ありふれた職業で最強の主人公、南雲ハジメ。ベヒモスを足止めし、裏切りによって奈落へと落とされ、そこで力をつけ世界最強になる彼の物語。
この物語は彼が奈落へ落ちる瞬間から分岐した一つの物語。
ハジメが錬成師としての力でベヒモスの足場を操る事で時間を稼ぎ、撤退を終えたクラスメイト達を追ってこちらに走ってきている。そのハジメを援護するための魔法の弾幕がベヒモスに向けて放たれるその時。
何となく香織はクラスメイトの方を見た。
必死な表情の彼らの中で一人だけ笑みを浮かべている者がいた。檜山が醜悪な笑みを浮かべてハジメを見ていた。とてつもなく嫌な予感を感じた香織は魔法が放たれる中ハジメの方に向かって走り出した。
それに真っ先に気づいたのは雫だった。ハジメに向かって行く香織を追ってクラス随一の速さを持つ雫が追いかける。香織と雫が同時にハジメの所にたどり着くその瞬間、軌道を変えた火球がハジメの足元に着弾する。
その衝撃で崩れかけていた足場が壊れ、ベヒモスと共にハジメが落ちようとしていく。
「南雲くん!」
そのハジメの手を香織が掴んだ。落ちるのを防いだ衝撃で香織のいる場所にも亀裂が広がり崩れていく。
「香織、手を!」
「雫ちゃん!」
二人に追いついた雫が崩れきらなかった場所から香織に手を伸ばす。香織も残った手を伸ばしそれを掴む。宙に投げだされかけた二人を雫が支える。自分のステータスならばこのまま二人を引き上げられる。それだけを意識していた雫は気づけなかった。

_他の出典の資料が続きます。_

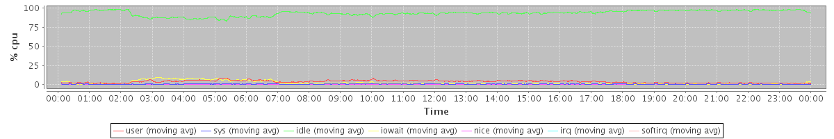 avg(user) = 3.68 avg(sys) = 0.53 avg(idle) = 93.56 avg(iowait) = 2.16 avg(nice) = 0.00 avg(irq) = 0.00 avg(softirq) = 0.07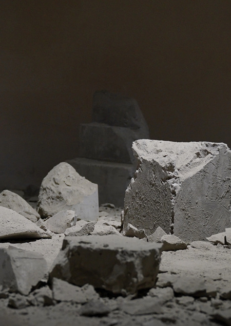 Могильный камень всем «третьим местам» — случившимся и не случившимся встречам между людьми и пространствами. Инсталляция представляет собой архитектурные останки унифицированного здания, не имеющего на себе узоров, надписей или орнаментов.

2発目の火球が雫の立っていた足場を砕く。ハジメばかりを見て香織に気づかなかった檜山が、ダメ押しのために放ってしまった物だ。香織に気づいた時にはもう軌道を変えることはできなかった。
足場が完全に砕かれ手を繋いだ三人は奈落の底へ落ちていく。
ハジメも香織も雫も、それを見ていたすべての者も全員が呆然としていた。
ハジメがベヒモスを足止めしていた所までは原典と同じ。違うのは些細なきっかけで奈落に落ちるのが三人になったという事。
その後奈落で心を折られた三人は歪みつつも強固な絆を紡ぎ生還する。
そして自分達の道を阻む者に彼らは容赦しない。
自分達を引き裂くものに慈悲はない。
愛し合う三人は世界を渡り、この世界の真実を知り、やがて世界最強になり神殺しとなる。
「俺から香織と雫を奪うなら殺す、たとえ神だろうと殺す!」
「ハジメくんと雫ちゃんの敵は私の敵、敵は殺す!」
「ハジメと香織は私の特別な人、仇なす者は斬る、斬り殺す!」
この物語は奈落に落ちた三人が世界最強になり、元凶たる神を殺す物語である。